Monday, October 16, 2017

He's a boy, who is growing up...


From day one, this little boy was my right hand man... He has always been by my side and never spent a night away from me. As a baby, he was most likely found curled up, sleeping in my Maya Wrap, at any given time. He would lay there, peacefully sleeping while his little eyes were tightly closed and his puckered lips fell loose... I don't even think he was aware that he had the potential to walk, until well after his first birthday -And that was due to his above average large size, which made carrying him to be utilized only under dire need.

So when school began, I pictured a sad little boy who desperately wanted to stay close to his mama's security. I pictured a little boy reaching out for me and begging me to stay with him. I pictured him holding onto our hug, just a little bit longer than needed...

But instead, he was the opposite. He was eager and excited. And in some ways, of course he misses me, but mostly, he's very happy meeting new people and learning his letters.
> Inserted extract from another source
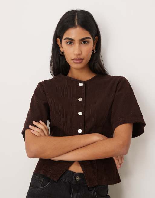 Top marrón chocolate con cintura ceñida de pana de ASOS DESIGN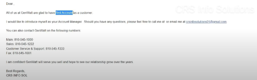 This email uses several dynamic content fields, such as the contact’s first name, account name, and user’s name.

And at each pick-up, he cannot wait to tell me about what he and his friends did that day.

Once upon a time, he was this boy who didn't have weekly scheduled play dates with friends, like his sister once did. Instead, he's a boy who would much rather ride solo in his playroom and imagine with his Batman guys for hours. And oddly, he is a boy who exceeded my expectations and is happily attending preschool and rocking it like a boss...

He isn't thrown by being away from me. Instead, he's excelling.

But, he's a boy who his mama misses deeply. He's a boy who I still miss snuggled up in my wrap, close to my heart. And I'm still trying to find my groove of how to manage my down time, without being mauled by hugs and kisses, from my lovable son. 

It seems, he's having an easier time adjusting, than I am. And that makes me very proud, because he's moving in the direction he's supposed to... And for me, it does make it easier knowing that he's happily content while away from me. Otherwise, I'd be sad and stressed...

But for now, I will patiently wait until pick up time, where he cannot wait to jump in my arms and tell me all about his fun day.